Just under 1200 words tonight. This is good, and I hope I'll be able to keep it up, but I know I won't.
In the previous post, I said I wanted to be done by December 18, and I also estimated that the book, now at 120K words, would end up at 150K. In the comments to that post, an anonymous poster* pointed out that I was saying I'd write 30,000 (good, final) words in 23 days.
Hmm. That does seem unlikely. So maybe I won't make that deadline. It would be very convenient if I did, but of course I can't let that take precedence over the quality of the end result. In addition to the new words, I do have a lot of fixing up to do. My file of notes to myself has grown unnervingly large. Taking care of those will take some time and may include some beating of head against wall.
The title of this post refers to something that happened at one of my previous places of employment. It was a (very major) software company, and we were all working madly to get the next version of one of the main products ready to ship by the dumb, arbitrary deadline (pulled out of thin air by the marketing department, as is normally the case in the software biz). One of the high-up managers said in a meeting that we had to make the deadline, and if we thought we couldn't do all the necessary stuff in time, we would just have to "ratchet down the quality knob." Wouldn't customers have loved to know about that!
Well, I ain't gonna ratchet down no quality knob with this book.

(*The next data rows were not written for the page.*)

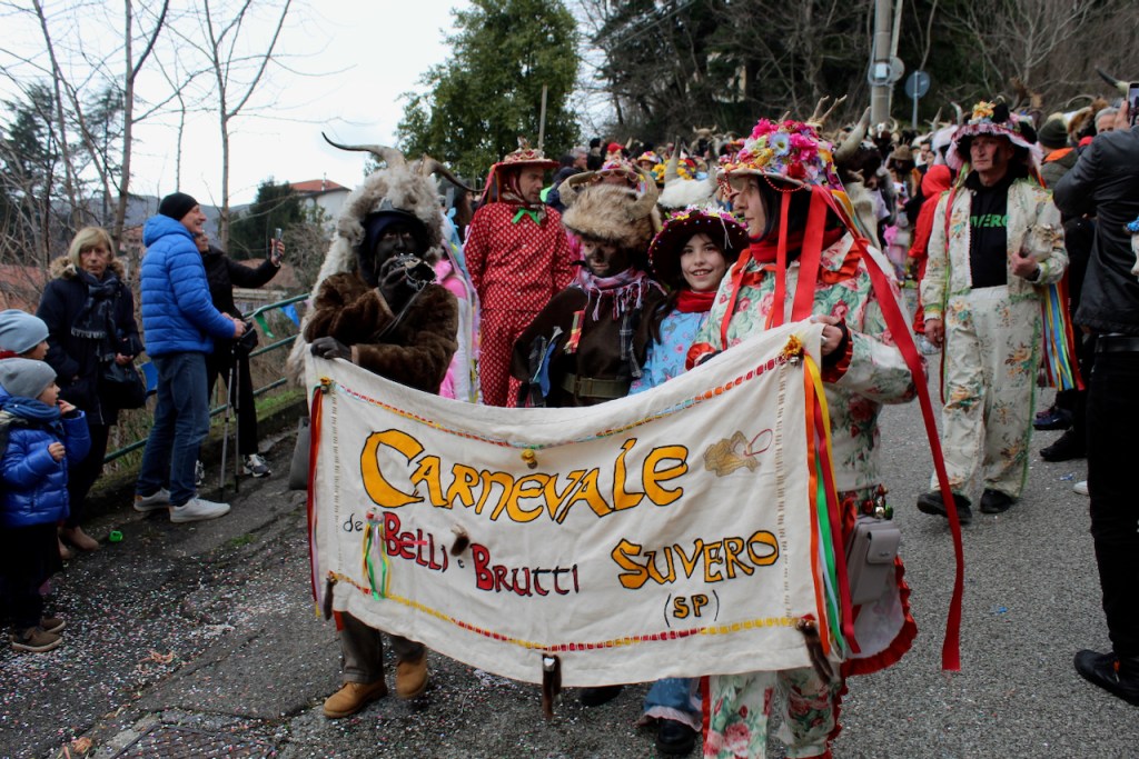 Il Carnevale dei Belli e dei Brutti lo troviamo a Suvero di Rocchetta Vara, centro della Val di Vara in Liguria. I Belli indossano abiti colorati, ricchi di trine, fiocchi e campanelli e in testa indossano cappelli ornati da lunghi nastri colorati e campanellini.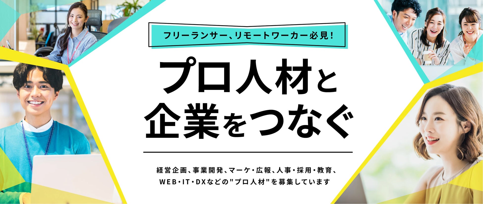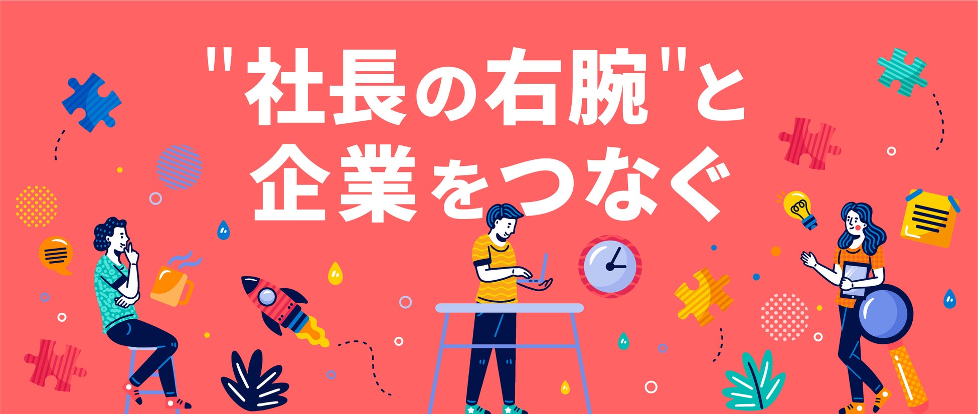 「社長の右腕」として中小・ベンチャー企業に貢献できるプロ人材の募集を開始いたしました。フリーランス、リモートワーク、副業の方を歓迎しています。当社サービスにご登録いただくことにより、自分の経験・スキルを生かせる企業と出会うことができます。詳しくは、下記をご覧ください。
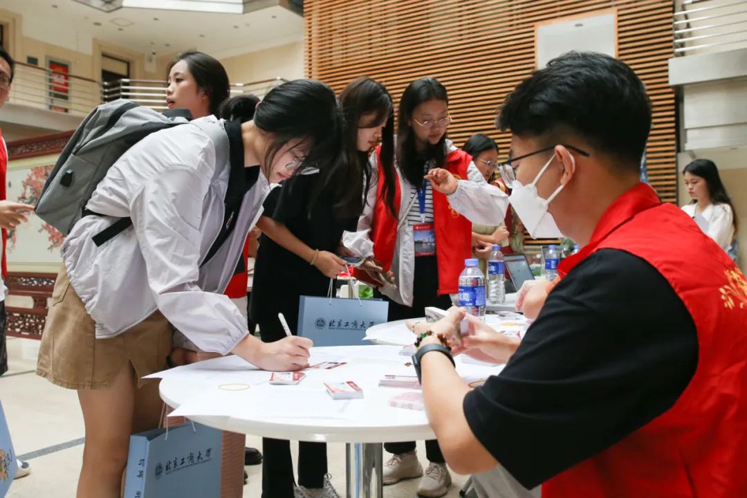 国际经管学院精心策划,暖心迎“新”。现场设置了家长等候区,家校互动交流,共育成长成才。醒目的学院吉祥物毛绒玩具小鲸、“奋进国经管,逐梦北工商”、“铸魂报家国,青春勇担当”手势牌等,引来新生纷纷打卡留念。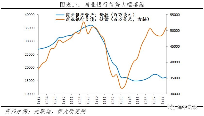 银行危机爆发,信用持续收缩,货币政策仍维持紧缩。1929年股市泡沫的崩溃引发美国银行业危机,信用紧缩,美联储多次下调再贴现率至1931年的1.5%,然而通货膨胀率高企导致实际利率持续上行,信用仍持续紧缩。随后美联储为维持金本位而于1931年10月再度提高再贴现率,同时仍奉行平衡财政原则未采取积极的财政政策挽救经济,此举加速了广义货币供应量的下降,市场利率急剧攀升,二度引发国内银行危机,大量银行因挤兑而倒闭,信贷极度萎缩,实体经济进一步陷入萧条的泥沼。

Or any other.
* The post shows as anonymous now, but I just switched to the new version of Blogger, and I don't know if that caused poster IDs to vanish.
2 comments:
Okay. While I can neither confirm nor deny that I was in fact the anonymous poster that caused you such distress, I CAN say that there's a very good chance said anonymous poster intended that as a compliment.
Apparently, this Blogger upgrade messed with the both of us -- I don't know how I (um, I mean the anonymous poster) managed to leave of my (his?) tag.
Look! Up in the sky! It's --
Chris! It's you!
The comment didn't really cause me distress, and I did take it as a compliment. However, it was also a good dose of reality.
I have to remind myself that, given how many years it's been since I got the idea for this novel and wrote the first few words of it, it would be absurd to worry about finishing it a month or two or three (or ... ) later than I'd been hoping.